BEGIN RECORD EXTRACTS

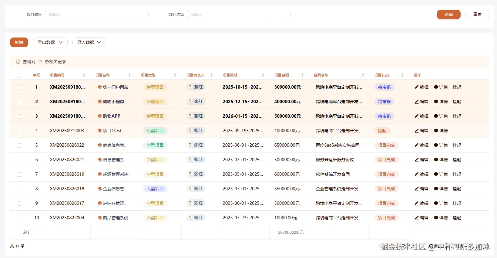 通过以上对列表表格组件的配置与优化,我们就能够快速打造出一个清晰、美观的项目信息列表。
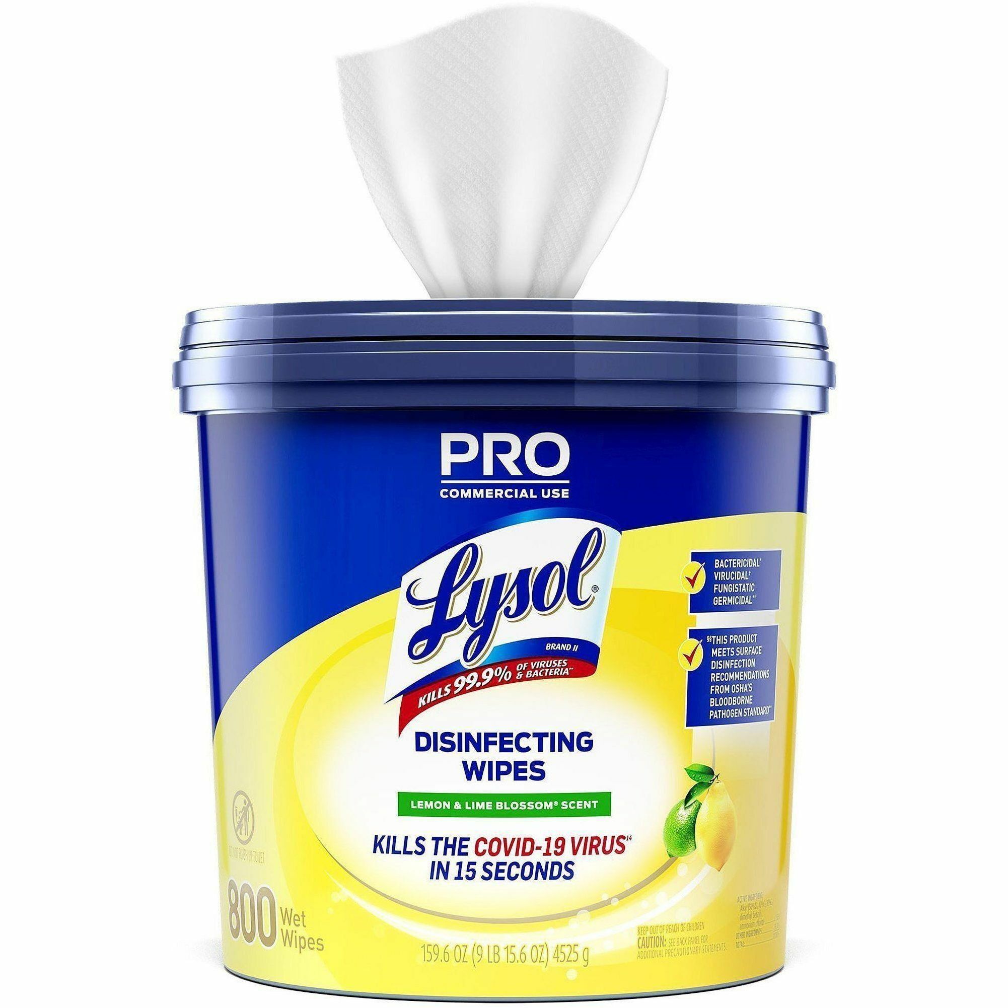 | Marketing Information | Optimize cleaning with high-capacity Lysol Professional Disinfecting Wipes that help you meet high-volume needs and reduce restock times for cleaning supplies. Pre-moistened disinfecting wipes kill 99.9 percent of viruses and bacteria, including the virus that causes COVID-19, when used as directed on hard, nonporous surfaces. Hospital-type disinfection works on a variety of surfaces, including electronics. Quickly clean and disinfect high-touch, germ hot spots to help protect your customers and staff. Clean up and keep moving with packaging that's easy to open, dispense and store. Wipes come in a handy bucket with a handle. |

END RECORD EXTRACTS
BEGIN RECORD EXTRACTS

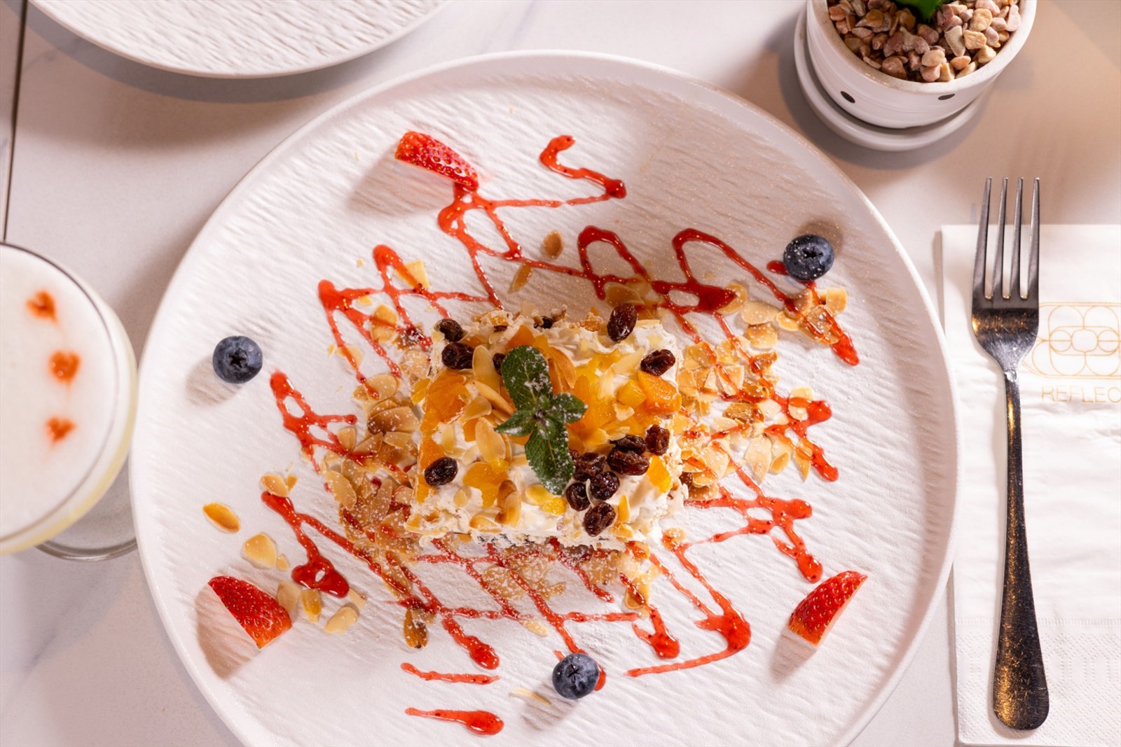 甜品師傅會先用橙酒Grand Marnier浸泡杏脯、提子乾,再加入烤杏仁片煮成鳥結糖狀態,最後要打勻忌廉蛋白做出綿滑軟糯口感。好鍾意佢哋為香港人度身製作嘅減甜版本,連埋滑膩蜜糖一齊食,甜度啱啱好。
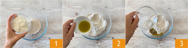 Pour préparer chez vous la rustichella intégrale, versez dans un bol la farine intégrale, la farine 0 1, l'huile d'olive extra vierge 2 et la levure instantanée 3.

END RECORD EXTRACTS

◆ WORK ITEM:
Exact copy, no pictures. Write out the lines in the entries above, starting with the line with "甜品師傅會先用橙酒Grand" and going on through the line with "Pour préparer chez", keeping both.

◆ EXERCISE RESULT:
 甜品師傅會先用橙酒Grand Marnier浸泡杏脯、提子乾,再加入烤杏仁片煮成鳥結糖狀態,最後要打勻忌廉蛋白做出綿滑軟糯口感。好鍾意佢哋為香港人度身製作嘅減甜版本,連埋滑膩蜜糖一齊食,甜度啱啱好。
 Pour préparer chez vous la rustichella intégrale, versez dans un bol la farine intégrale, la farine 0 1, l'huile d'olive extra vierge 2 et la levure instantanée 3.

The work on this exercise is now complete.